Tampang.com | Fenomena kohabitasi atau "kumpul kebo", serta kelahiran anak di luar pernikahan, semakin marak di kota-kota besar Indonesia. Kohabitasi merujuk pada kondisi di mana pasangan hidup atau tinggal bersama tanpa ikatan pernikahan yang sah.Generasi muda kini semakin memandang pernikahan sebagai institusi normatif dengan regulasi yang kompleks. Sebaliknya, kohabitasi dipandang sebagai hubungan murni yang mencerminkan cinta dan daya tarik mutualisme.
Menurut teori "Second Demographic Transition" (SDT) yang dikemukakan oleh Profesor Ron Lesthaeghe dari Belgia, pernikahan telah kehilangan statusnya sebagai bentuk persatuan konvensional yang didasarkan pada norma dan nilai sosial.
Sebagai gantinya, kohabitasi menjadi bentuk baru pembentukan keluarga. Tren kohabitasi bervariasi di berbagai negara, di mana kohabitasi telah diakui secara hukum di Eropa Barat dan Utara, Amerika Serikat, Kanada, Australia, dan Selandia Baru.
Di Belanda, misalnya, tingkat kohabitasi mencapai 50%, dengan durasi rata-rata lebih dari empat tahun, dan kurang dari separuh pasangan melanjutkan ke pernikahan. Belanda juga mengakui berbagai bentuk pembentukan relasi melalui Civil Solidarity Pact (Pacs) sejak 1998.

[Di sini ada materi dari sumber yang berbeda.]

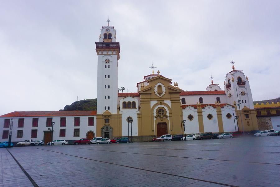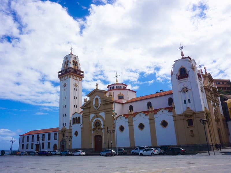 Voilà pourquoi nous avons bravé le vent, le froid et la pluie! Candelaria signifie en français « Chandeleur ». Oui, celle que nous fêtons dans les pays francophones le 2 février en mangeant des crêpes! Et nous l’avons d’ailleurs fêtée dignement cette année, on ne dit jamais non aux crêpes! Mais aux Canaries, c’est beaucoup plus important que quelques galettes puisque la « Virgen de la Candelaria » (Vierge de la Chandeleur ») est la patronne de tout l’archipel! Rien que ça! La grande place sur laquelle se trouve la basilique s’appelle d’ailleurs la « Place de la Patronne des Canaries » et a été conçue pour accueillir une foule de pèlerins lors de la procession de la Chandeleur. (hors Covid bien sûr!) La basilique actuelle ne date que de 1959. Nous avons été très surpris par la date de construction assez récente car son style architectural nous a bien fait penser aux églises Renaissance espagnoles que nous avons vues en Amérique du Sud et qui datent, pour la plupart, du XVe ou XVIe siècle. Cette énorme place, cette église néoclassique ainsi que le temps plutôt à la pluie nous a rappelé Quito que nous avons visité dans les mêmes conditions. Ici, il y a juste l’océan Atlantique en plus qui vient frapper la place de ses vagues déchaînées.
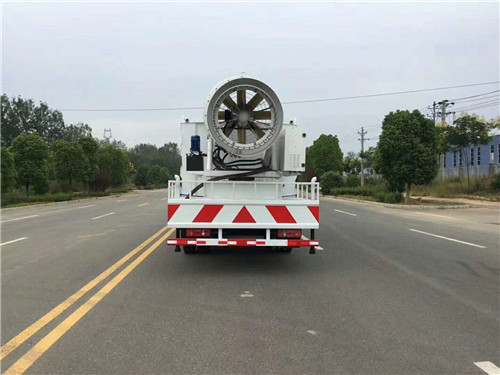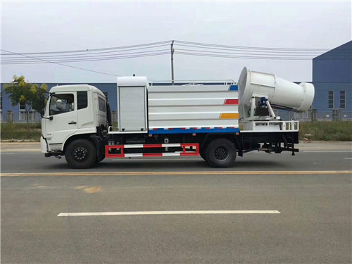 我廠生產的抑塵車根據(jù)罐體容積不同,采用4-6mm厚武鋼Q235碳鋼板制作,罐體內置防浪板,避免車輛急剎時液體前涌造成的安全隱患,罐體頂部開有人孔。人孔既可以作為工作人員進行罐內檢修的進出口,也可以作為加水孔用于向罐內加注水;隨車配備大功率專用灑水泵(標配隨州億豐灑水車,選配杭州威龍灑水泵),比同類灑水泵壓力大、吸程遠、使用壽命長,克服其他灑水泵易被雜物纏住、壓力小、吸水慢的缺點。整車帶前沖(噴)、后灑、側噴、罐體后部帶工作臺,平臺上安裝綠化高壓灑水炮。灑水炮可全方位旋轉,可連續(xù)調成直沖狀、開花狀、大雨、小雨、毛毛雨、半霧狀水流,以適合不同狀況下的需求。

Di Asia, kohabitasi tidak diakui secara legal karena pengaruh budaya, tradisi, dan agama. Kohabitasi cenderung berlangsung singkat dan sering dianggap sebagai tahap awal menuju pernikahan.
Di Jepang, sekitar 25% pasangan melakukan kohabitasi dengan rata-rata durasi sekitar dua tahun, dan sekitar 58% dari mereka melanjutkan ke jenjang pernikahan. Angka kelahiran anak di luar pernikahan di Jepang hanya sekitar 2%, terendah di antara negara-negara anggota Organisasi untuk Kerja Sama Ekonomi dan Pembangunan (OECD).